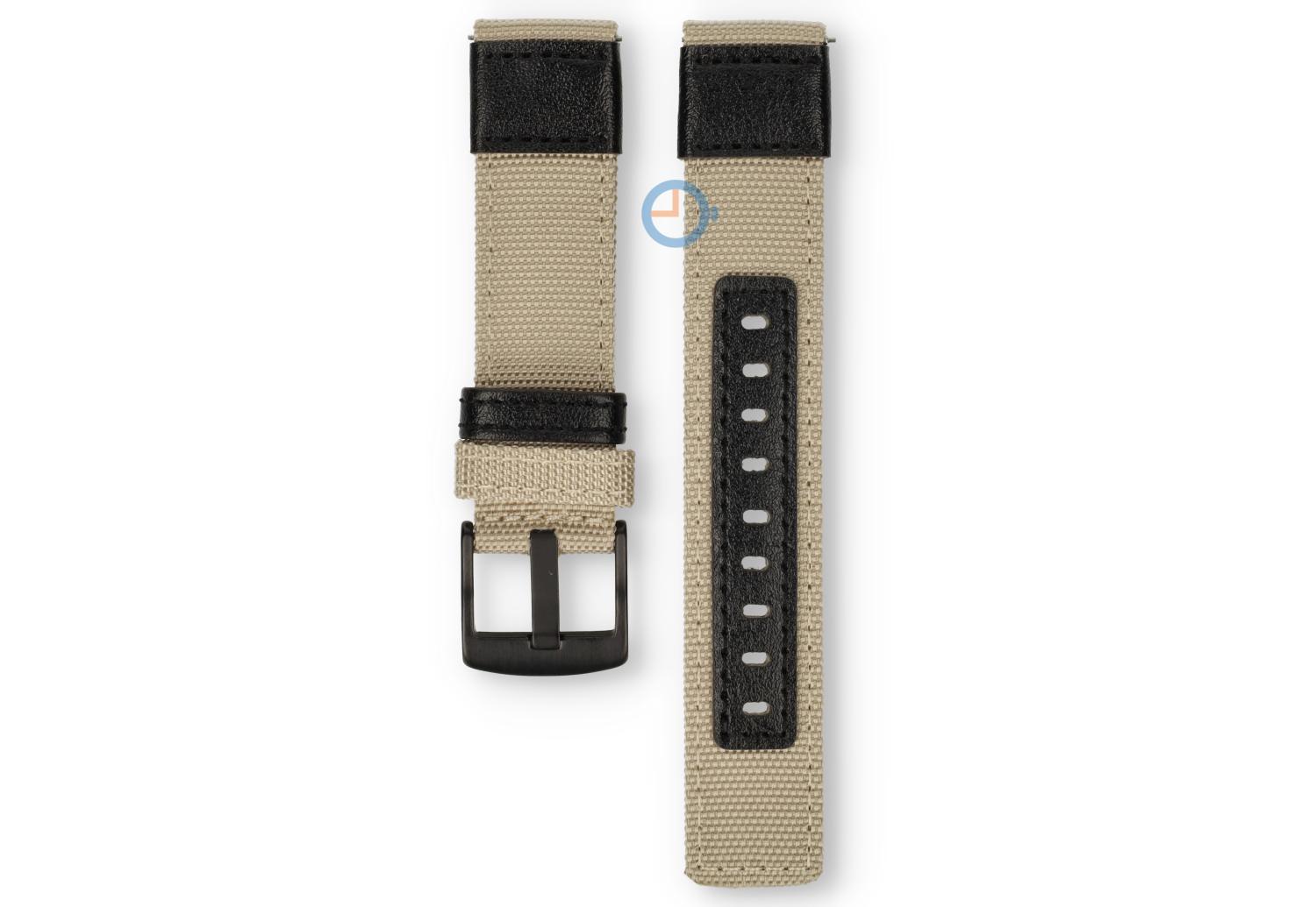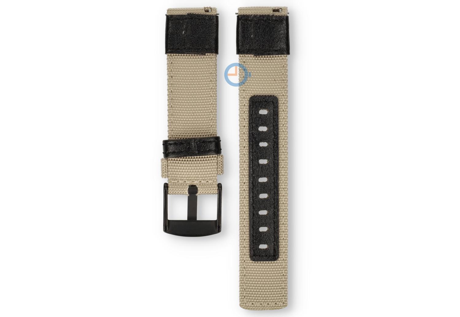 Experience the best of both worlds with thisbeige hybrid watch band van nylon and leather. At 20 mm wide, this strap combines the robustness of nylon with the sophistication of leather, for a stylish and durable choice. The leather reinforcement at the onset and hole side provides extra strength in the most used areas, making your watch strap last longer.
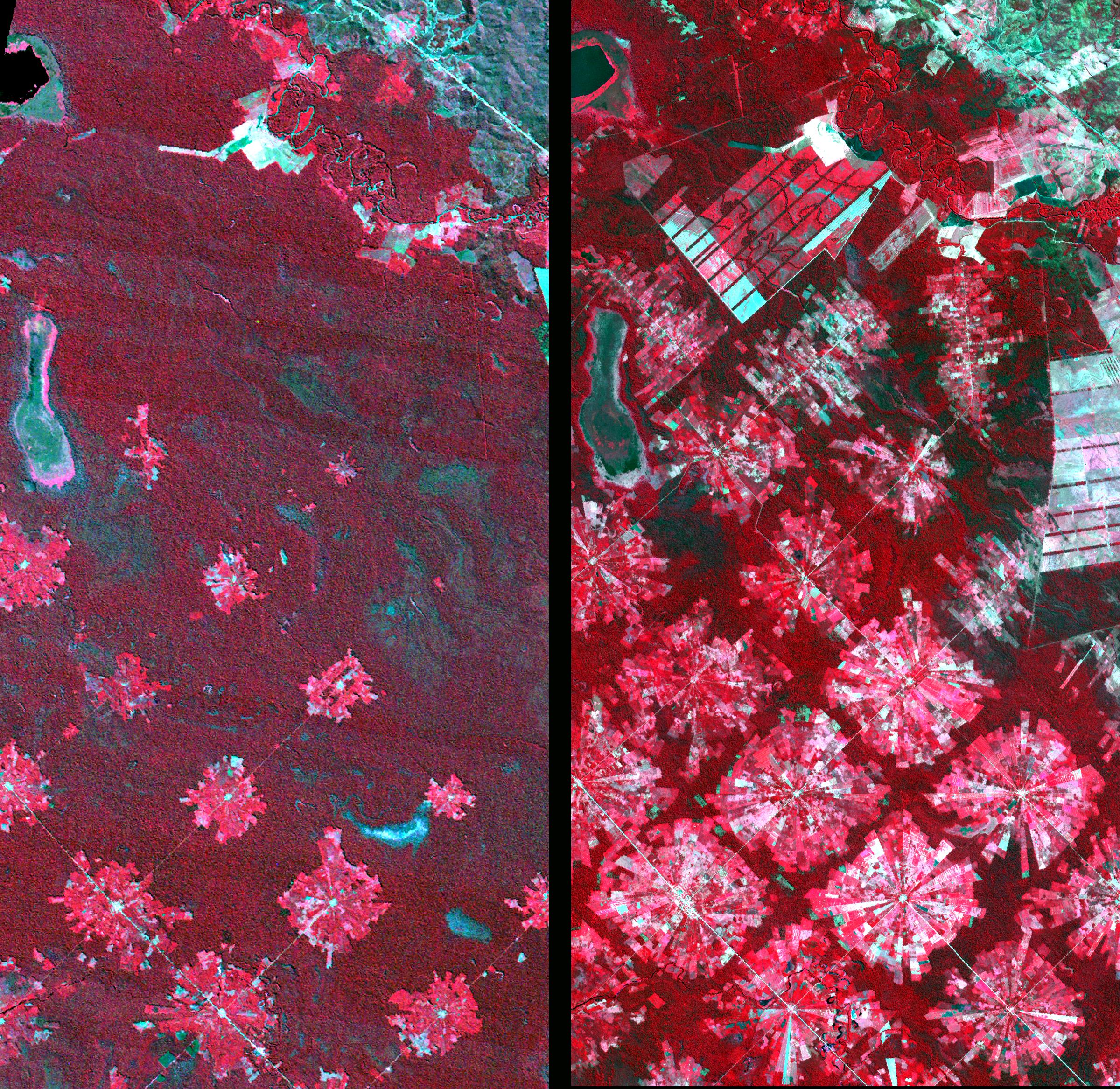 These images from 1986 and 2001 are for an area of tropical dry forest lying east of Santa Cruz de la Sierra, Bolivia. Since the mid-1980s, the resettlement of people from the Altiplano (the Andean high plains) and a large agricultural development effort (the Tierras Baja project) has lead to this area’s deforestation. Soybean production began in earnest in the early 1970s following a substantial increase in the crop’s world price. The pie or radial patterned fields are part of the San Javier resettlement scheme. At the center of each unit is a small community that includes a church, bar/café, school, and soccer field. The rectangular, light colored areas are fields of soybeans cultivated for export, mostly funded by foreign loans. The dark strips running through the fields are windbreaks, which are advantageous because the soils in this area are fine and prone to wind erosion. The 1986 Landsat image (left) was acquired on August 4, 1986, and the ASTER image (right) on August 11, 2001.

========================

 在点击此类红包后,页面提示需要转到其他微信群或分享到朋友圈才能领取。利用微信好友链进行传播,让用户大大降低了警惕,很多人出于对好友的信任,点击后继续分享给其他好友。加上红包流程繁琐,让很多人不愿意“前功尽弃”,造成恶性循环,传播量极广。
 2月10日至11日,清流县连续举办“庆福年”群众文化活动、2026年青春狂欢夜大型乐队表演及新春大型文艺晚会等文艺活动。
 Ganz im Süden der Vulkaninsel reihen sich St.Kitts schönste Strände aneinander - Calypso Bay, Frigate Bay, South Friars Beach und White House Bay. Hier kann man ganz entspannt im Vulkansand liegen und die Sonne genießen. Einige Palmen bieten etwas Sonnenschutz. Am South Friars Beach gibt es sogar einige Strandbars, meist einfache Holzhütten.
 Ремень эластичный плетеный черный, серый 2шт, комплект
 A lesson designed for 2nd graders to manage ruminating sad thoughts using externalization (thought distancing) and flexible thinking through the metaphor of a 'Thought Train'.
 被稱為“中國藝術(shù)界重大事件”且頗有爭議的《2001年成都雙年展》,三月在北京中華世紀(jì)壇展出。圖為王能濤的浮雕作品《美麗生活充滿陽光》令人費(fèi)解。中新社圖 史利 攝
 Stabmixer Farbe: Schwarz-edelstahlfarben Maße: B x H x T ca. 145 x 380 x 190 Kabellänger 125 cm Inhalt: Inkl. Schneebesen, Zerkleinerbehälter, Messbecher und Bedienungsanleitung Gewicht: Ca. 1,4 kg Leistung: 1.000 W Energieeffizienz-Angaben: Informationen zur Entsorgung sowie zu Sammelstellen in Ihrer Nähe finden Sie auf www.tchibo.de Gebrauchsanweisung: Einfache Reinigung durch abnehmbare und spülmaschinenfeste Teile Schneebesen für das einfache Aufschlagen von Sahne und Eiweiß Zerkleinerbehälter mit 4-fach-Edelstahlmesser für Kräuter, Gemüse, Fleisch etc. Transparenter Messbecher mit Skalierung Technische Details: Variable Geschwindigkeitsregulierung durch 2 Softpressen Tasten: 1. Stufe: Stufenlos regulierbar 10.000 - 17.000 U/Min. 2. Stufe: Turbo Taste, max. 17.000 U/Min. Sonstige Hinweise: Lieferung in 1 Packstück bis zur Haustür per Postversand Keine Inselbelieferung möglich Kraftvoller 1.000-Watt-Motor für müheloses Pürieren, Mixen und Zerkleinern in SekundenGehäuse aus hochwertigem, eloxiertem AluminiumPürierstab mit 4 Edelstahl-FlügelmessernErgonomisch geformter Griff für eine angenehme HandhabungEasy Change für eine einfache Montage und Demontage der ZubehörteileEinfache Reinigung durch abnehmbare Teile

========================

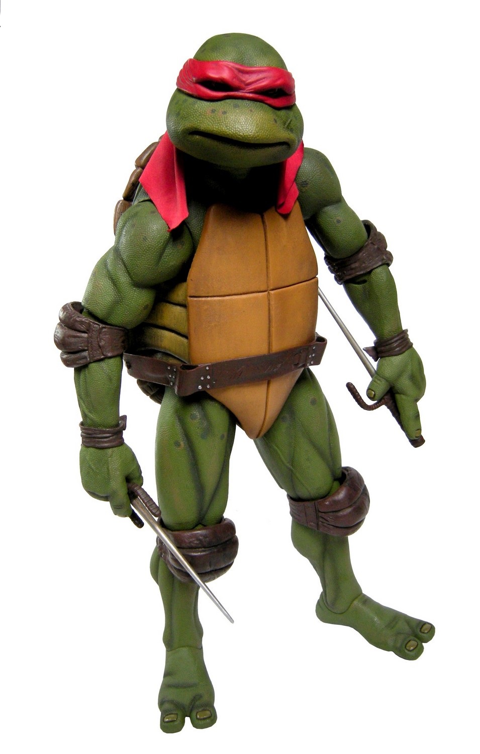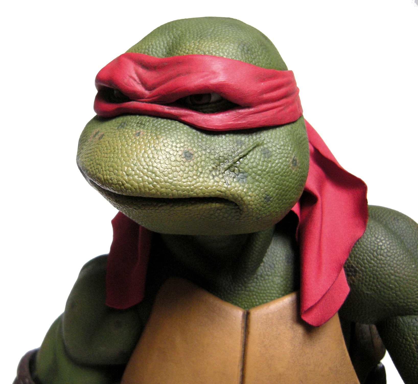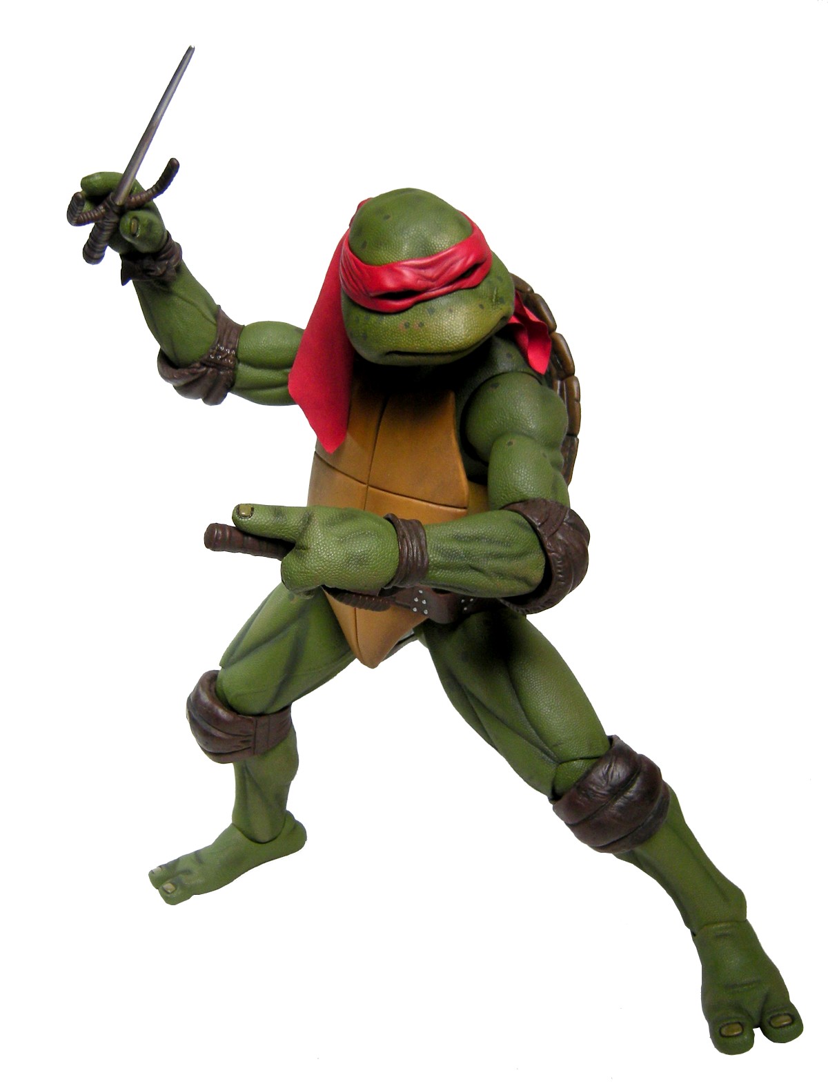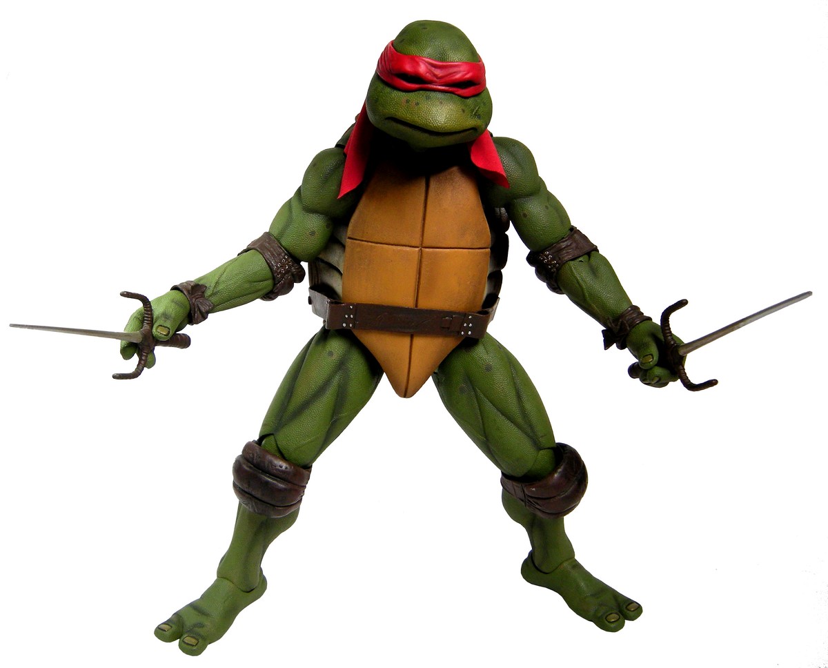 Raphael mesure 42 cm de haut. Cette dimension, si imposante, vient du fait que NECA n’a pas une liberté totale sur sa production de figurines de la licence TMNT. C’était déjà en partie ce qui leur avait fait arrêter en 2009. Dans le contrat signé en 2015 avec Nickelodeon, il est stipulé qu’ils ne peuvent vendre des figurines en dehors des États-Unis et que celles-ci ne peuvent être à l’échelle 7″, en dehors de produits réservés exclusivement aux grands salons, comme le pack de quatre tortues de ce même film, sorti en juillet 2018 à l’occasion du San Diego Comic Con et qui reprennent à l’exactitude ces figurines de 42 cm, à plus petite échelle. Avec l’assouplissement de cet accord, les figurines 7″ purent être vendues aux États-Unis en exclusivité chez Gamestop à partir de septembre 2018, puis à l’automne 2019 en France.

========================

▸ **Work to complete**
Repeat word for word the lines above that run from the line containing "Ganz im Süden" through the line containing "Ремень эластичный плетеный", both ends included, and nothing else.

▸ **Response to this task**
 Ganz im Süden der Vulkaninsel reihen sich St.Kitts schönste Strände aneinander - Calypso Bay, Frigate Bay, South Friars Beach und White House Bay. Hier kann man ganz entspannt im Vulkansand liegen und die Sonne genießen. Einige Palmen bieten etwas Sonnenschutz. Am South Friars Beach gibt es sogar einige Strandbars, meist einfache Holzhütten.
 Ремень эластичный плетеный черный, серый 2шт, комплект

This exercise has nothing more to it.